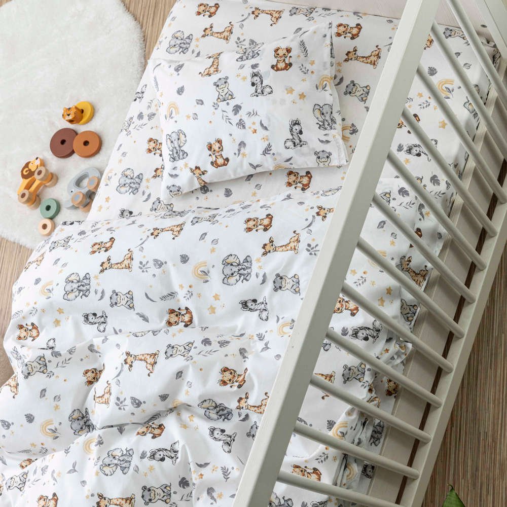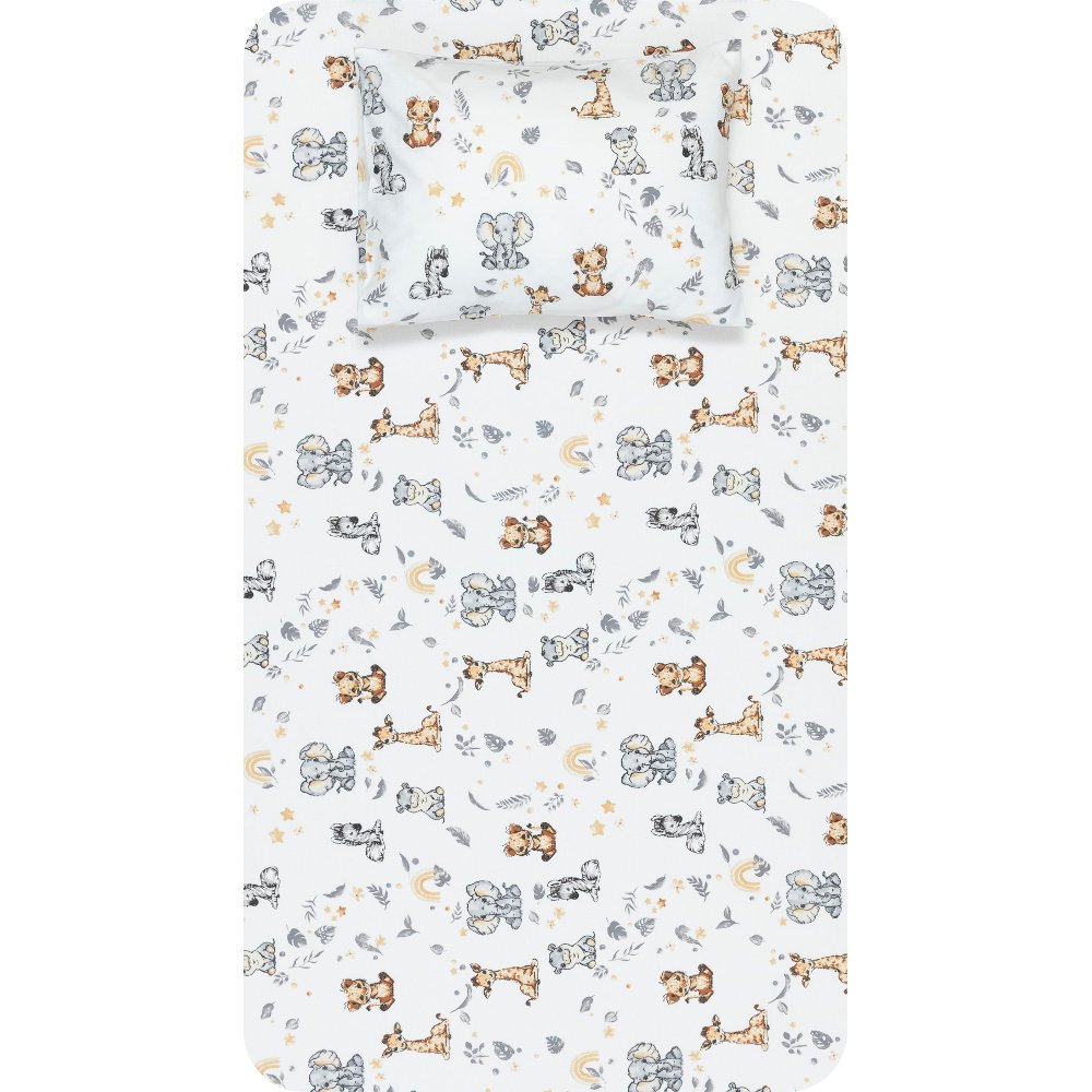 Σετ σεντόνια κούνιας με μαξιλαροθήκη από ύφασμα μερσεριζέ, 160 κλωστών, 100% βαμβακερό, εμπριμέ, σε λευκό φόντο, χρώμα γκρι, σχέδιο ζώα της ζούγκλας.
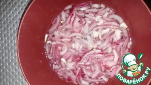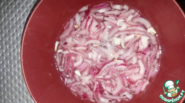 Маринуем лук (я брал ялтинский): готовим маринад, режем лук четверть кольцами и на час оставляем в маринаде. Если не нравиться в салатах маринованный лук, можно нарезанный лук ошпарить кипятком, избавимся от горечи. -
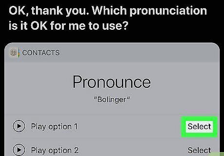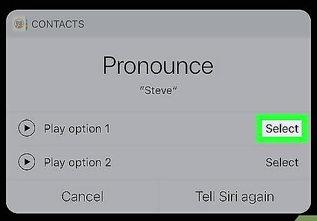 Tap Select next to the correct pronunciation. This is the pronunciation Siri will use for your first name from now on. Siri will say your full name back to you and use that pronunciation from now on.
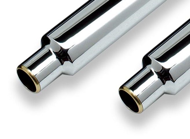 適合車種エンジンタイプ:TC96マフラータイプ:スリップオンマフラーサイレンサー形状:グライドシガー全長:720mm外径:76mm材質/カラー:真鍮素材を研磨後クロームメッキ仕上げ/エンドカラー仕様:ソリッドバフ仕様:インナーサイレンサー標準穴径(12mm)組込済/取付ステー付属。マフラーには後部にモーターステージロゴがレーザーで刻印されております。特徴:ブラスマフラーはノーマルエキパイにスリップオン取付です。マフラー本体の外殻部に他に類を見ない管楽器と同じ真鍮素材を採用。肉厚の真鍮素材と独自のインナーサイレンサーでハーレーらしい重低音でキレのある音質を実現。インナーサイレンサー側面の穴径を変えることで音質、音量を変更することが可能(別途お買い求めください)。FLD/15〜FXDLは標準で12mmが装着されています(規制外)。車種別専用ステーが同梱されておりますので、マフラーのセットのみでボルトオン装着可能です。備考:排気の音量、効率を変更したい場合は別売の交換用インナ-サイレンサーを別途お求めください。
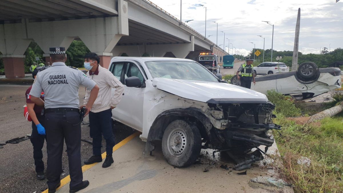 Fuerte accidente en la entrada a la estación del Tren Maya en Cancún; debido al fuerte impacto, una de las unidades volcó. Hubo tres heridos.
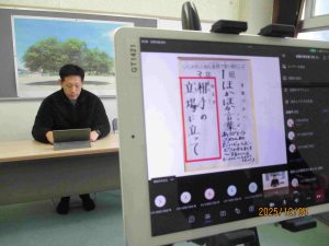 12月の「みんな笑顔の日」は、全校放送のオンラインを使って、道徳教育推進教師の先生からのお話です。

---

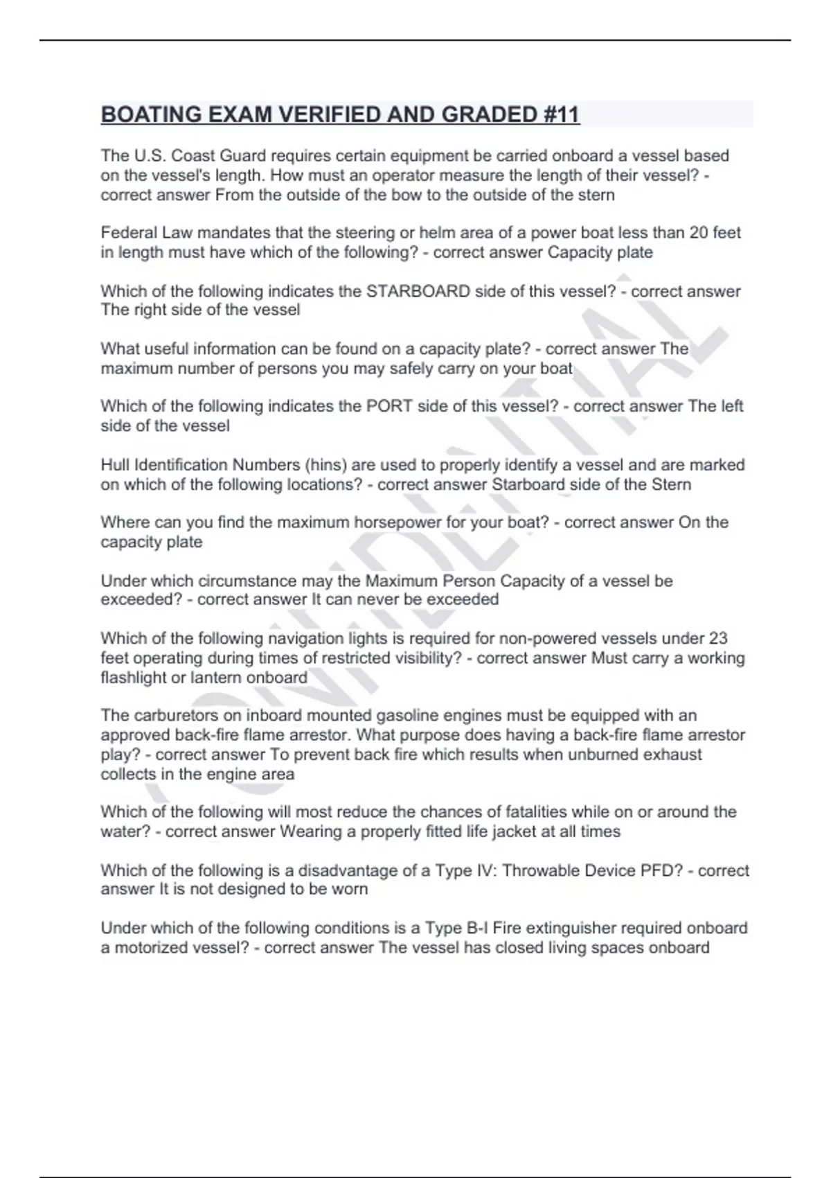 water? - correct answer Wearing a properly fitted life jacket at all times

--

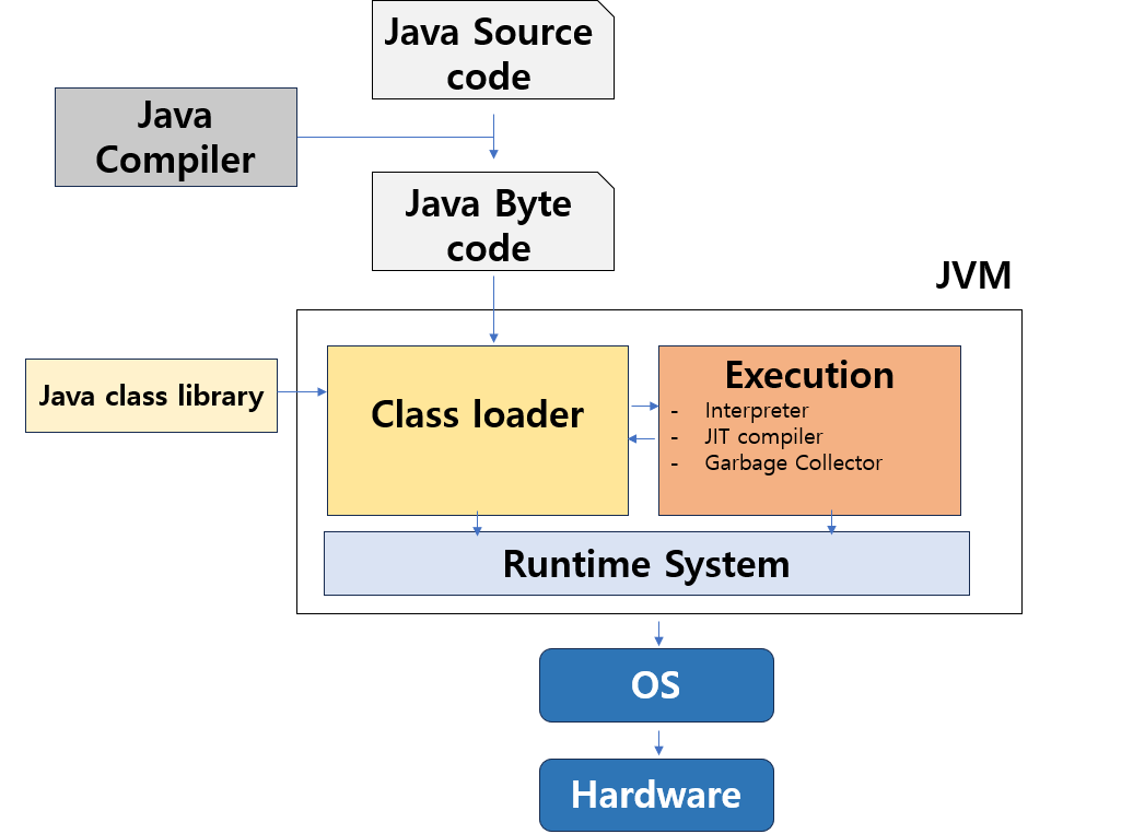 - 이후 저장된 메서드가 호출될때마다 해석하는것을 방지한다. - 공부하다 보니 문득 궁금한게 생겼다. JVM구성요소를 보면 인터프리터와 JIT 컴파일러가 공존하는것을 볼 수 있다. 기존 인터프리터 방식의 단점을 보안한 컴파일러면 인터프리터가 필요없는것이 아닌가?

__WHAT THIS TASK INVOLVES__
To complete this exercise, transcribe exactly the lines above from the one that holds "適合車種エンジンタイプ:TC" through the one that holds "12月の「みんな笑顔の日」は". Pictures stay out.

__TASK ANSWER__
 適合車種エンジンタイプ:TC96マフラータイプ:スリップオンマフラーサイレンサー形状:グライドシガー全長:720mm外径:76mm材質/カラー:真鍮素材を研磨後クロームメッキ仕上げ/エンドカラー仕様:ソリッドバフ仕様:インナーサイレンサー標準穴径(12mm)組込済/取付ステー付属。マフラーには後部にモーターステージロゴがレーザーで刻印されております。特徴:ブラスマフラーはノーマルエキパイにスリップオン取付です。マフラー本体の外殻部に他に類を見ない管楽器と同じ真鍮素材を採用。肉厚の真鍮素材と独自のインナーサイレンサーでハーレーらしい重低音でキレのある音質を実現。インナーサイレンサー側面の穴径を変えることで音質、音量を変更することが可能(別途お買い求めください)。FLD/15〜FXDLは標準で12mmが装着されています(規制外)。車種別専用ステーが同梱されておりますので、マフラーのセットのみでボルトオン装着可能です。備考:排気の音量、効率を変更したい場合は別売の交換用インナ-サイレンサーを別途お求めください。
 Fuerte accidente en la entrada a la estación del Tren Maya en Cancún; debido al fuerte impacto, una de las unidades volcó. Hubo tres heridos.
 12月の「みんな笑顔の日」は、全校放送のオンラインを使って、道徳教育推進教師の先生からのお話です。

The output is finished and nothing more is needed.